I have a couple questions about working on the side. I currently work for an electric utility and have been there two years. Prior to this job, I worked for an electrical only consulting firm for four years doing design on new and existing water/wastewater facilities, retail, small industrial facilities, and do a few arc flash studies. I obtained my PE license, last year. I have been asked to do a few side jobs by another small consulting firm. I would just be designing and my contact would actually be stamping the drawings.

My main question is - What liability do I have as a designer that isn't a full time employee of the firm?

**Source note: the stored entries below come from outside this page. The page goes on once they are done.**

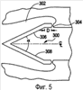 На фиг.5 представлено сечение геометрического резонатора 300 в соответствии с одним вариантом осуществления, используемого в двухступенчатом пульсирующем детонационном устройстве. Также показаны предкамера 302 сгорания и сопло 304 Лаваля. Поверхности 306, 308 геометрического резонатора 300, отражающие волны давления, образуют клиновидную конфигурацию, имеющую угол , что обеспечивает наилучшее восстановление давления волны давления, отраженной от поверхностей 306, 308. Достижение оптимального восстановления давления в отраженной волне давления способствует максимизации детонации смеси топлива с воздухом внутри геометрического резонатора 300. В одном варианте осуществления угол между поверхностями 306, 308 находится в пределах от 45° до 90°. В другом варианте осуществления угол между отражающими плоскостями 306, 308 составляет 55°.
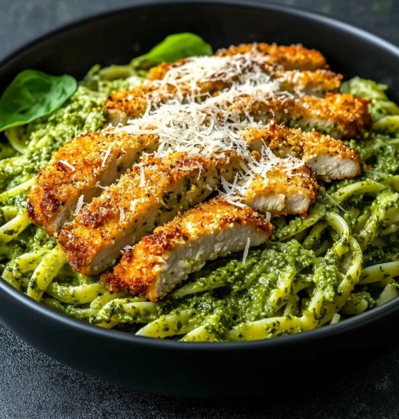 Pesto Pasta with Crispy Parmesan Chicken is a standout Italian-inspired dish that seamlessly blends the aromatic flavors of freshly made pesto with the irresistible crunch and savoriness of Parmesan-crusted chicken.
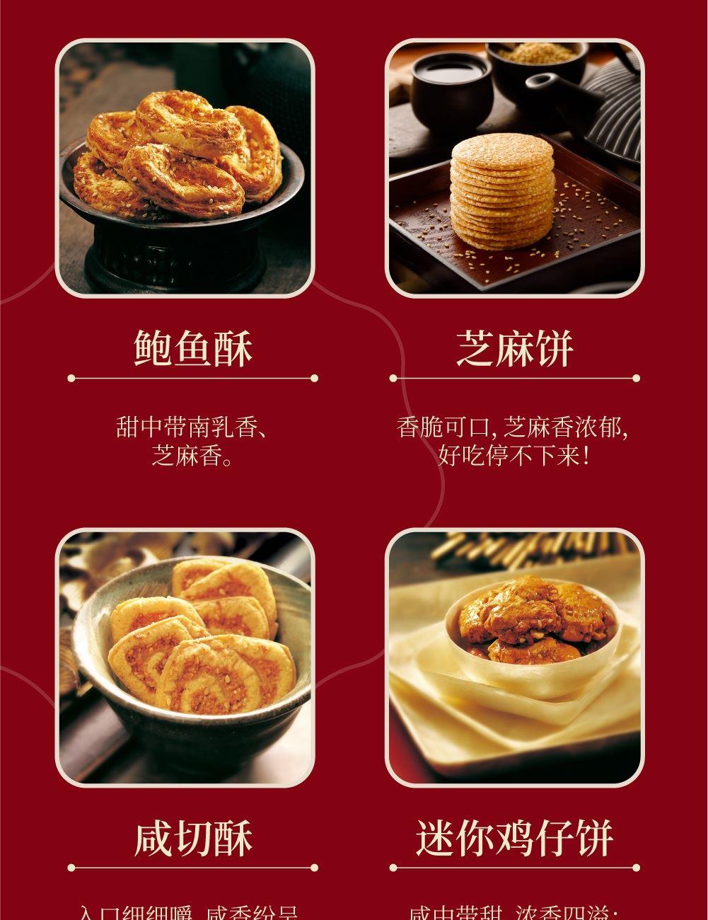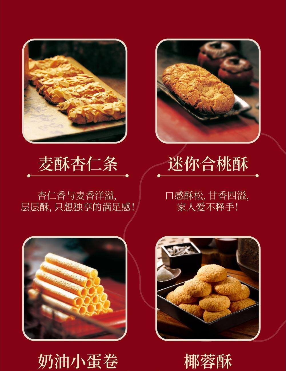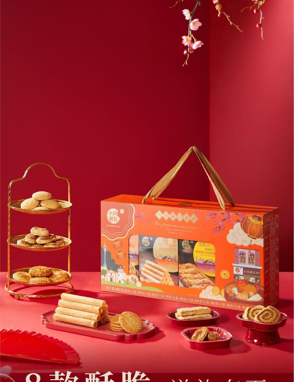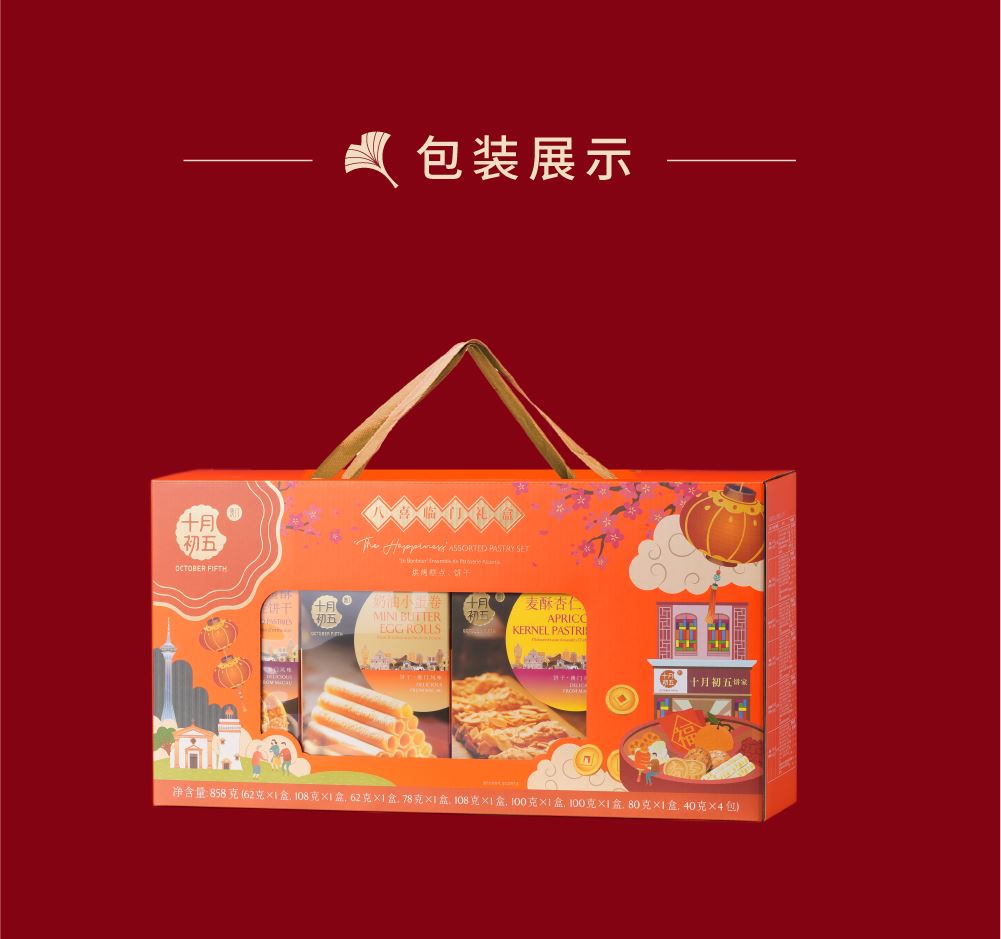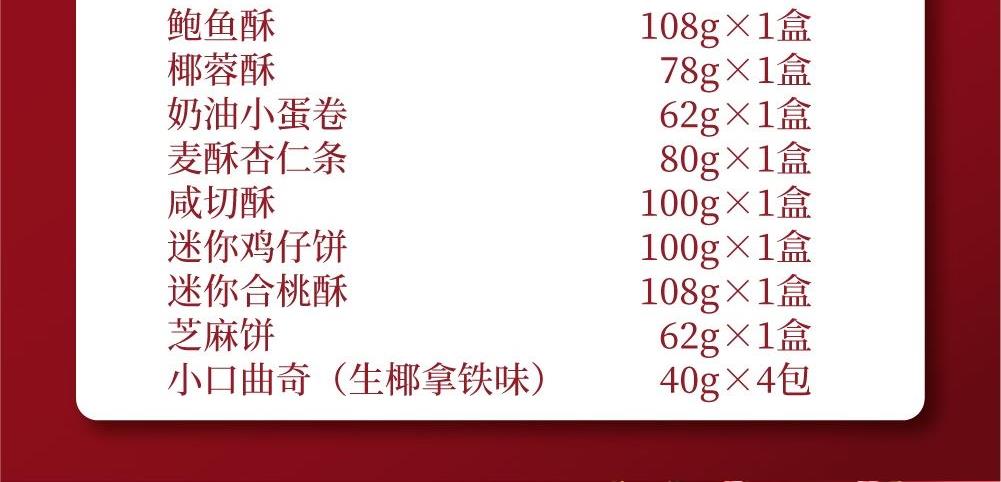 十月初五八喜临门礼盒 净含量:858g 80g麦酥杏仁条X1盒 78g椰蓉酥X1盒 62g芝麻饼X1盒 62g奶油小蛋卷X1盒 108g迷你合桃酥X1盒 108g鲍鱼酥X1盒 100g咸切酥X1盒 100g迷你鸡仔饼X1盒 40g小口曲奇(生椰拿铁味)X4包

The other things I am struggling with that you all might be able to provide input on is - if I do need to get extra insurance, spend time developing my own blocks, notes, schedules and specs, is it really worth it? The person I am doing the side jobs for pretty much does only arc flash so he doesn't have anything for MEP work. He is approached to help with service upgrades, etc... after he does the arc flash side of things and thought he could do some of that work here and there. I enjoyed my consulting work and enjoy what I do now. The utility work is good, nice benefits and pay. Sometimes I feel like I should spend some extra time becoming more competent about my current job and on the other hand, side work might be a way to get ahead just a little faster. Thanks for your opinions.


----------



## Peele1 (Mar 10, 2014)

Your state's laws and regulations may vary... you may need to check with an attorney. (I am not.)

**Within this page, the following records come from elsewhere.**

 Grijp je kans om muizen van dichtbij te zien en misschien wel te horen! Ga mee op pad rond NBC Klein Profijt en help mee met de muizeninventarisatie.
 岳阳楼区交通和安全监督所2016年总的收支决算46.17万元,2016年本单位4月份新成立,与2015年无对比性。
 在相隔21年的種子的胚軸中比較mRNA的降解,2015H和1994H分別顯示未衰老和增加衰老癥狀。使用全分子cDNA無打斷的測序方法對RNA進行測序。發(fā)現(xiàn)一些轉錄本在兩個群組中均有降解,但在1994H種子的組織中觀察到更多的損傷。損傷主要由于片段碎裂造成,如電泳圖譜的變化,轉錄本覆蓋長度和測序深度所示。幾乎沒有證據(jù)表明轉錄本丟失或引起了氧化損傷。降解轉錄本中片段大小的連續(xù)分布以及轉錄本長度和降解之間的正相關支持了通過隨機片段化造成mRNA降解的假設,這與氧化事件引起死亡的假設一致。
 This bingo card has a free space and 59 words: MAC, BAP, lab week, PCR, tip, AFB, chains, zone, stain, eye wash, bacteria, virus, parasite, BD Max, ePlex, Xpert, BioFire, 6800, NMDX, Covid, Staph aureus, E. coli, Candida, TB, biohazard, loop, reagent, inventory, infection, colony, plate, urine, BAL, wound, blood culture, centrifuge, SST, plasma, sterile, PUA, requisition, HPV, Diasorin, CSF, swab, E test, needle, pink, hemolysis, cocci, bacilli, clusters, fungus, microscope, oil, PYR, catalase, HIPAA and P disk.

Check with your no-compete agreement(s) that you have at your current job. They may be fine with what you are doing, or not.

In general, whomever actually stamps the PE seal is liable and must have the insurance.

Don't put your name on the design, and possibly state "not for construction", and have the other PE remove the "not for construction" note.

Get yourself an LLC (they are cheap), and have your contact pay the LLC, not you.


----------



## palvarez83 (Jun 4, 2014)

Peele1 said:


> Your state's laws and regulations may vary... you may need to check with an attorney. (I am not.)
> 
> Check with your no-compete agreement(s) that you have at your current job. They may be fine with what you are doing, or not.
> 
> ...




Yeah check your state law. In CA you cannot establish an LLC for the purposes of offering professional services.... Other states can.


----------